あぁ、分かった。朱莉は詩織の唯一の友達という立場を得たつもりだったが、オレと詩織が寝ているところを見て、蚊帳の外にいる感覚を感じたのだろう。「詩織にとって、わたしはなにか」と不安に思った。

──ならば、それを利用するまでだ。

「君は詩織の友達って言うけど、本当に君たちは友達なの? 詩織の表面上の格好良いところにだけ目を向けて、詩織の弱さからは目を逸らして、勝手に神格化してさぁ。それって友達じゃなくない?」

「……」

朱莉はなにも言わない。とても良い気分だ。

「オレは知ってるよ。詩織は強く見えるけど、実は強さに執着しているだけの人間だって。君にはそんな一面、見せたことも無いだろうけど、オレにはよーく他人には話しにくいことまで話してくれるからさ。ま、当たり前だよね。朱莉は詩織に出会ったのが最近だけど、オレは九歳からずっと、詩織の一番近くで、一緒に暮らしているんだから」

「……」

さらに朱莉の顔色が悪くなっていく。そろそろ止めを刺してやろうと、一呼吸を置いて、オレは口を開いた。

「ね、弱音を話してくれないのは、友達じゃないからだよ。詩織は優しいから、そんな素振りもせず君のために時間を作ってくれるけど。きっと、神薙家と燦桜学園のために〝ALSの特待生と、それを支援する神薙財閥〟っていう最高の広告塔が欲しいだけだ。だから朱莉、君は詩織にとって、ただの神薙財閥の道具なんだ」

冷静に考えれば、詩織が朱莉のことを道具などと思っていないことが分かるはずだ。朱莉がALSに罹る前から気に掛けていたし、なにより詩織が朱莉を見る目の優しさを見れば、簡単に否定できるだろう。しかし、今の朱莉には冷静さが無い。詩織から離れることは経済的にも身体的にも難しいだろうが、勝手に絶望して、愚かな夢を捨てて、出来るだけ詩織から離れて欲しい。

大体、こんなオレの脅しで諦める程度の夢なら、叶うはずもないだろう。

だから、これ以上。──詩織を苦しめるな。

「……そうかもしれない」

顔を伏せているため、朱莉の表情は見えないが、とてもか細い声で言った。

「でも、それでも、わたしは詩織に憧れてる。だから、詩織がわたしを利用するように、わたしも詩織を利用する。そして、詩織の中に一生消えないものを残す。

それが、わたしの存在証明になるなら──それでも良い」

「──ッ!」

オレは「朱莉が絶望して終わる」ことを望んでいた。だが、朱莉は「利用し返す」と言った。前髪から覗く瞳は、暗くも確かな光を放っている。

朱莉は、こんな人だっただろうか。弱くて、生きづらくて、詩織に縋りつくことしか出来ない人間だと思っていた。だがどうだ。オレの知らない内に朱莉は変わっていた。死を覚悟した人間は、ここまで強くなれるのか。

この瞬間、オレは朱莉を思っていた以上に危険な存在だと認識した。もはや、詩織と朱莉は引き離せないし、朱莉は勝手に神薙家の名を味方に、社会を変えようと動くだろう。

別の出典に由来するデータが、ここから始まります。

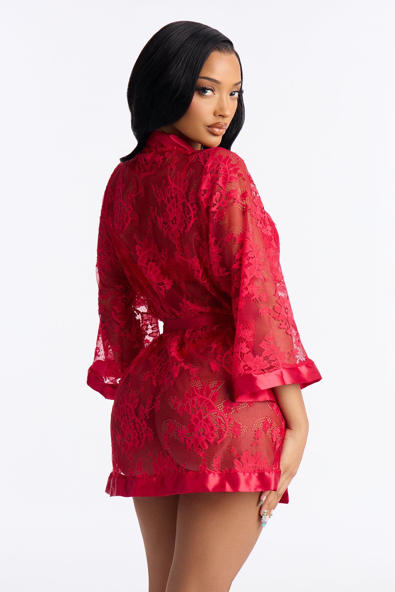 Available In Black And Red. Floral Lace Robe Adjustable Tie Waist Satin Contrast Trim Mini Length Final Sale Lace: 100% Polyamide Satin: 96% Polyester 4% Elastane Imported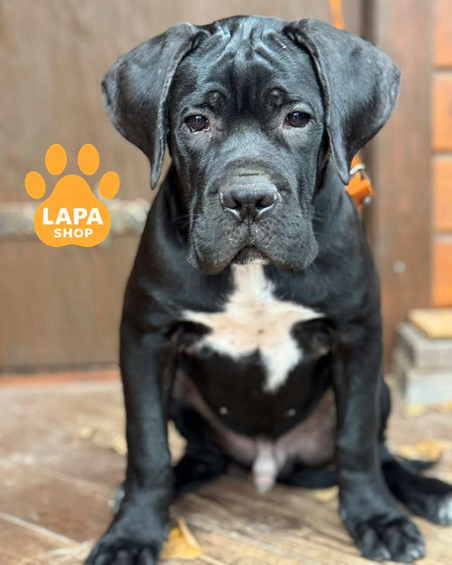 Sarmat is a striking Cane Corso boy with a deep black color. His strong physique and noble appearance emphasize the strength and beauty of this breed. An elegant black fur coat makes it even more expressive and attractive.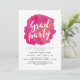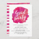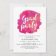Convide amigos e familiares para a sua festa de formando com um convite de festa de formatura cor-de-água rosa. O design apresenta uma cor d'água cor-de-rosa, uma fonte de script na moda, espaços reservados para o seu texto e um padrão de faixa de cor d'água cor-de-rosa no verso.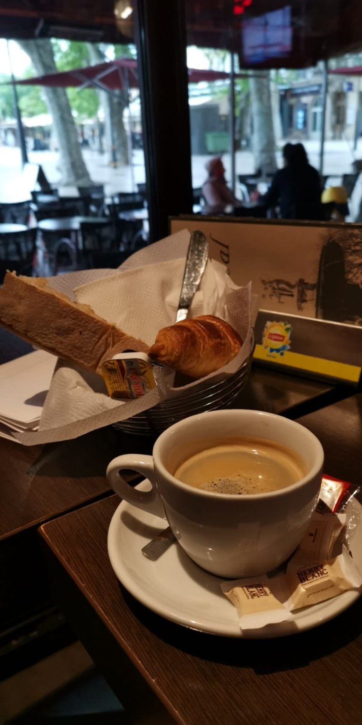 At this point what else was there to do, but drink coffee and reflect on how much his french has improved, enabling him to sort everything out with the minimum of stress. He just had to wait, hoping the bus (shown to be running at 3) was actually there, otherwise he would have to stay in a budget hotel in Avignon overnight, with the frustration of being so close to home, but still so far away.

となれば、オレは詩織の、神薙家の名を落とさぬように、朱莉を監視する必要がある。

きっと、朱莉は詩織を変える。ならばオレは、その詩織の心の変わる方向を、オレに都合が良いようにコントロールしてやる。

「そう。勝手にしたら。……企画書、書いてきたんでしょ。見せて」

オレが手を差し出すと、素直に朱莉はプリントされた企画書をオレに渡した。

「じゃあオレ、これ読んでおくから、君は少し寝な。倒れても知らないよ」

「そうだね。……部屋まで送ってくれたりしないの?」

「は? するわけないじゃん。オレは詩織の執事──護衛も兼ねているから、いつも一緒にいないとね」

突き放すように言うと、朱莉は乾いた笑みを浮かべて、自分に与えられた部屋に帰っていった。その後ろ姿に言い表しようがない憎悪を感じながらも、朱莉の存在をどう利用しようか考え始めた。

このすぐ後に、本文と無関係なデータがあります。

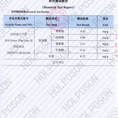胶原蛋白整理剂HOLPOSON® Xiao Qiao中含有的多种氨基酸活性成分与人体的皮肤蛋白中的氨基酸相似,经其整理后纺织品具有持久的保湿功能。经过胶原蛋白整理后的面料手感爽滑光泽度好,透气速干,对纺织品的含水量保湿率都能有很好的改善作用。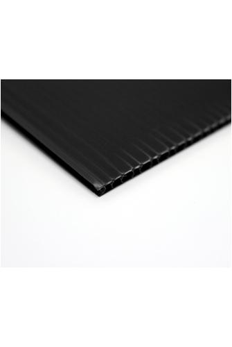 A sturdy 450 x 600mm piece of plasti-flute in black, suitable for arts and crafts, signage, school art projects, displaying artwork, and other creative projects.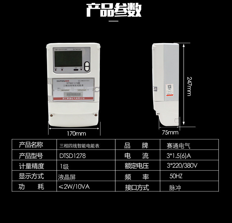 Three-phase four-wire DTSD1278 type 1 5 (6) A mutual inductance type 3 x 220380 V three-phase four-wire DTSD1278 type 1 5 (6) A mutual inductance type 3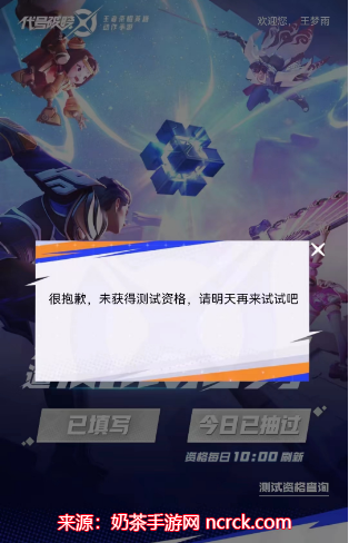 5、每天上午10点,记得点击右侧的【获取资格】按钮,幸运的玩家将有机会获得测试资格。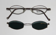 A set of optional sunglass clip-on lenses is included. Clip-ons are a convenient and affordable way for eyeglass users to shield their eyes from the sun's damaging rays and blinding glare. Clip-on sunglass lenses offer great flexibility for those who do not want to invest in two separate pairs of glasses. They clip on and off easily, usually with one hand.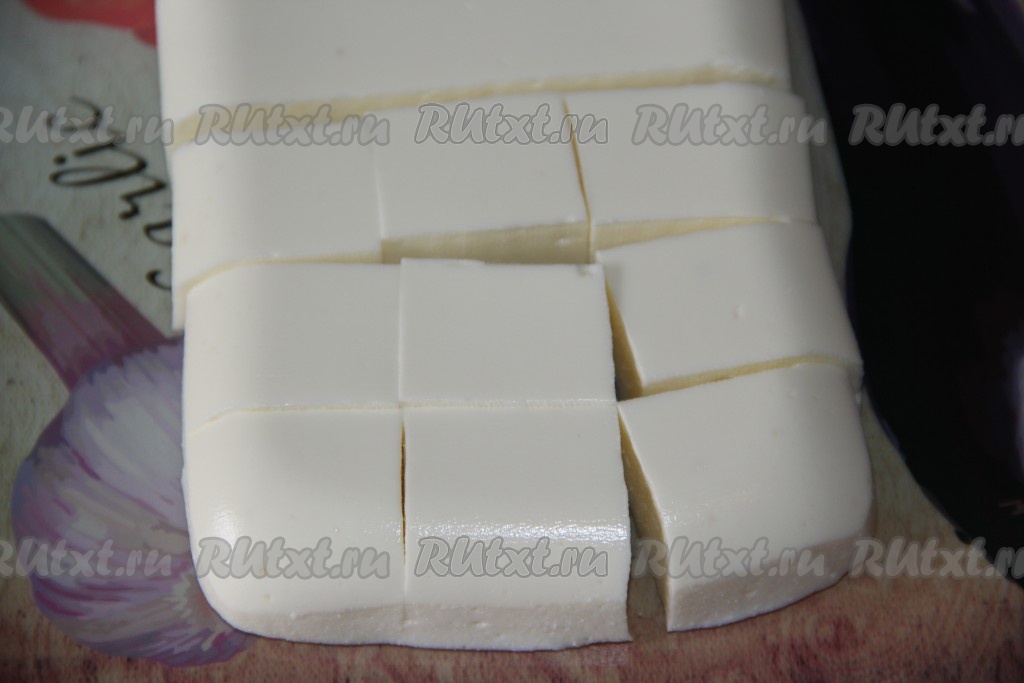 Нарезать зефир из творога на квадратики. По желанию, можно обвалять зефирки в сахарной пудре.

朱莉から渡された分厚い企画書を手にしながら、オレは深く息を吐く。

「はぁ……めんどくさ」

表紙には、簡潔なタイトルが印刷されている。

「ALSヴィレッジ構想企画書」

表紙をめくると、最初のページには朱莉の決意が力強く書かれていた。

──「ALSだから諦める」をゼロにする。

オレは無意識に鼻で笑ってしまう。オレと同じ、親にも愛されなかった朱莉が、本気で世界を変えるつもりなのか。叶うはずのない理想を掲げて、それでも前に進もうとしている。

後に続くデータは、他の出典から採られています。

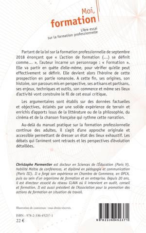 Partant de la loi sur la formation professionnelle de septembre 2018 énonçant que L'action de formation (...) se définit comme..., l'auteur incarne un personnage: Formation . Elle va partir en quête d'elle-même, pour vérifier qu'elle peut effectivement se définir. Elle devient alors l'héroïne de cette prospection en partie romancée. A cette fin, ses origines, son histoire, son parcours mis en perspective, ses artisans et partisans, ses enjeux, techniques et outils, son commerce et même ses lieux d'activité vont construire le fil de cet essai critique. Les argumentaires sont établis sur des données factuelles et objectives, éclairés par une solide expérience de terrain et enrichis d'apports issus de la littérature ou de la philosophie, du cinéma et de la chanson française qui rythme cette narration. Au-delà du manuel pratique sur la formation professionnelle continue des adultes, il s'agit d'une approche originale et accessible permettant de dresser un état des lieux exhaustif. Les débats qui l'animent sont retracés et les perspectives d'évolution détaillées.

ページをめくると、ALSヴィレッジの概要が書かれていた。

ALSヴィレッジの目的は、ALS患者が住み、働き、支援を受けながら社会とつながり続けられる統合型支援施設を作ること。

「ふーん。なるほどね」

オレはベッドに腰掛け、詩織の静かな寝息をBGMにして、続きを読む。

ALSヴィレッジの核となる機能:①24時間医療・介護支援エリア、②在宅就労支援エリア、③家族支援・コミュニティエリア、三つとする。

オレは思わず苦笑した。

「君は全部詰め込むつもりなの……」

この三つの機能を統合して、ALS患者が〝生きやすい社会〟を作る、か。施設自体は作れるだろうが、そんなの簡単に〝生きやすい社会〟が実現できると訳が無いだろう。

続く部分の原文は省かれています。